Ciudad del Vaticano. Cuando la impresión era que el cónclave, por sus características inéditas de 133 electores de 71 naciones, 21 de los cuales apenas habían sido creados por Francisco en diciembre y una mayoría no se había visto nunca entre sí, lo que por primera vez llevó a que les pusieran gafetes con nombre, foto, bandera y país de origen para que al verse supieran con quiénes estaban hablando, se prolongaría más que los dos días de los celebrados en este siglo, abril de 2005 a Joseph Ratzinger y marzo de 2013, Jorge Bergoglio, pues ayer aquí los tiempos se repitieron y en la cuarta votación, la primera de la tarde, la pequeña chimenea de la capilla Sixtina anunció al mundo que ya había un nuevo obispo de Roma; eran las 18:07 y una oleada de emociones cubrió a los miles que llenaban la plaza de San Pedro, la de Pío XII, comenzaban a atestar la vía de la Conciliación y rebasaba el puente del Ángel, que cruza el Tíber.
El momento de la fumata bianca fue confirmado por el repicar de las campanas de la Basílica de San Pedro, tañer que fue alcanzando los campanarios de todas las iglesias romanas.
Ya habían elegido, pues, al papa 267, tras el fallecimiento de Francisco el lunes 21 del mes pasado.
Y entonces a esperar al elegido.
Fue poco más de una hora después, a las 19:13, cuando se corrieron las cortinas de la ventana central de la Basílica de San Pedro acompañado de un clamor que hacía inminente el anuncio y así, en medio de una plaza conmocionada, se asomó el cardenal protodiácono, el francés Dominique Mamberti, quien exclamó por el sonido local: ¡Habemus papam!
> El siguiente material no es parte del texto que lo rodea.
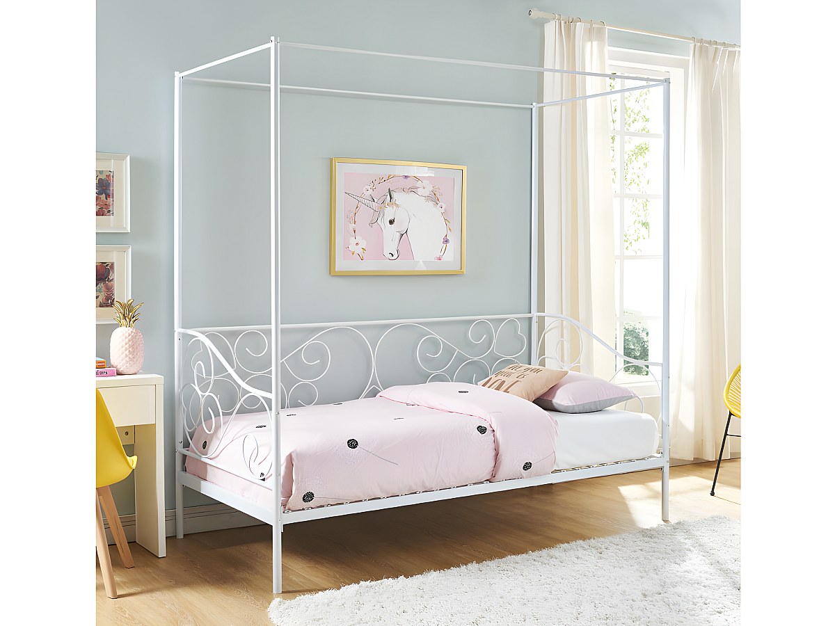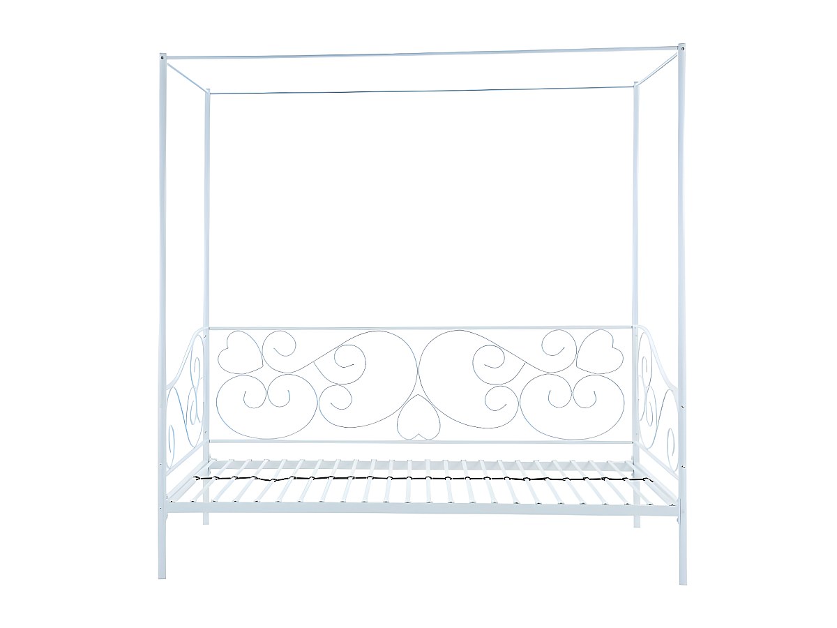 Metallbett Himmelbett VIVIAN - 90 x 200 cm - Weiß + Matratze

Y enseguida: Annuntio vobis gaudium magnum, ¡Habemus papam! Eminnentissimum ac reverendissimum Dominum. Dominum Roberto Franciscum Sanctae Romanae Ecclesiae Cardenalem Prevost, qui sibi nomen imposuit Leonem Decimum Quartum.
Y de nuevo la asamblea, sin identificar al ungido, se desbordó.
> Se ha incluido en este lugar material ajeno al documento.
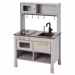 С игрушечными овощами, кухонными принадлежностями и кастрюльками (продаются отдельно) играть будет ещё интереснее.

Luego sabríamos los que habíamos dicho que no sería estadunidense ni latinoamericano que se trataba del cardenal Robert Francis Prevost, nacido en Chicago y con obra misionera y pastoral en Perú, cuya nacionalidad asumió.
Salió al balcón con todos los ornamentos, detrás de la cruz alta, y mandó su primer mensaje; dejó ver que era el papa que más allá de la Iglesia, del mundo del hoy y del mañana que ya nos arrolla, será el papa que esta nueva era global necesita.
Leyendo un texto que habría escrito tras ser elegido, pidió construir puentes de paz y de amor, recordó la valentía de su antecesor. Como sus pares en las congregaciones previas, destacó la importancia de la unidad y llamó a ser una Iglesia misionera.
El último papa agustino fue el veneciano Eugenio IV (1421-47) y que, como el mundo, esta orden supo adecuarse a los nuevos tiempos. Lo vemos hoy, 600 años después.